Oracle is looking for a Senior Software Engineer to help shape the future of AI infrastructure and services at Oracle by working on critical components of OCI’s AI platform, including high-scale GPU cluster management, self-service ML infrastructure, and model training and serving systems.
Requirements
- 4+ years distributed service engineering experience in a software development environment
- Development experience in a modern programming language, such as Java, Python
- Hands-on experience designing, developing, and operating public cloud service control or data planes
- Experience with distributed systems, container orchestration (e.g., Kubernetes), and microservices architecture.

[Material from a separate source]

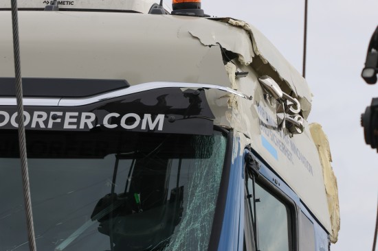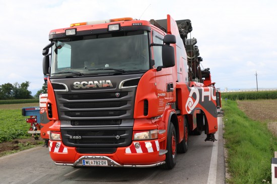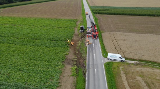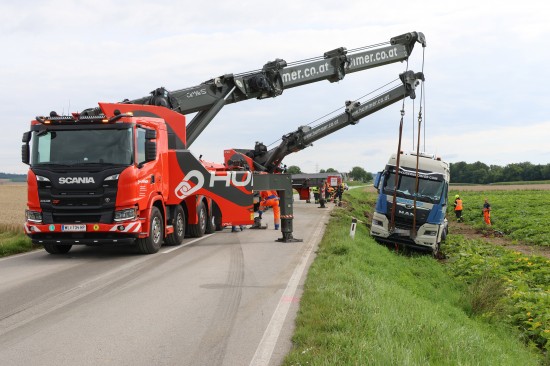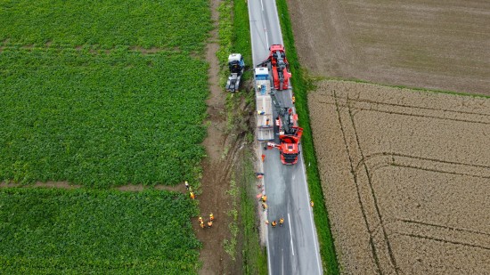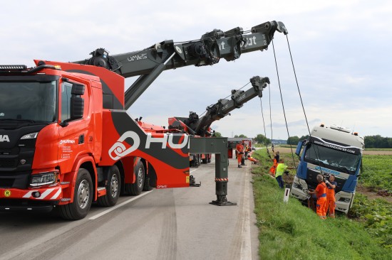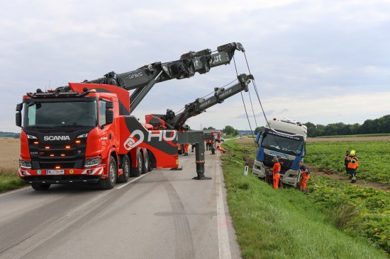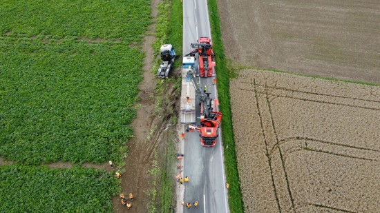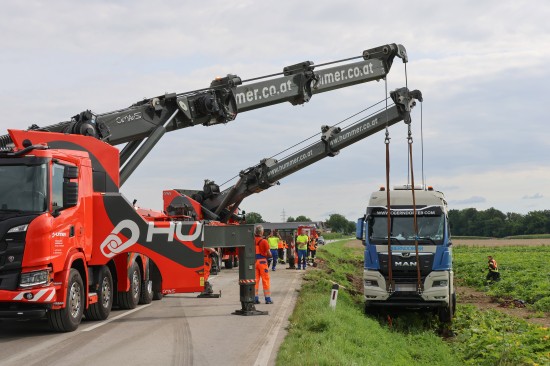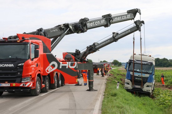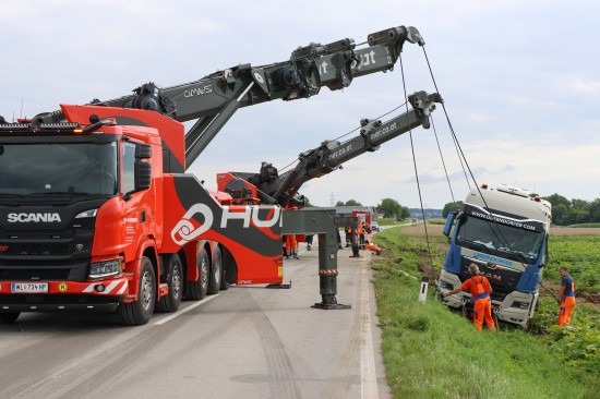 Größere Bergeaktion: LKW mit Betonfertigteilen auf Wiener Straße bei Schlatt von Straße abgekommen

- Understanding of machine learning pipelines, model training/tuning, and GPU workloads.
- Familiarity with AI frameworks (e.g., PyTorch, TensorFlow) and MLOps tools (e.g., MLflow, Ray, Kubeflow) is a plus.
- Familiarity with NVIDIA tools like CUDA, NCCL, Run:ai is a plus
Responsibilities
- Design, implement, and operate scalable services for GPU-based model training, tuning, and inference.
- Build tools and APIs that enable internal and external users to easily launch, monitor, and manage ML workloads.
- Collaborate with product, infrastructure, and ML engineering teams to define and deliver key platform features.
- Optimize performance, reliability, and efficiency of AI infrastructure using best-in-class engineering practices.
- Contribute to platform automation, observability, CI/CD pipelines, and operational excellence.
- Troubleshoot complex issues in distributed systems and participate in on-call rotations as needed.
- Mentor junior engineers and participate in design and code reviews.
Other
- Demonstrable technical leadership and mentorship skills
- BS degree in Computer Science or related field
- Bachelor's or Master’s degree in Computer Science, Engineering, or a related field.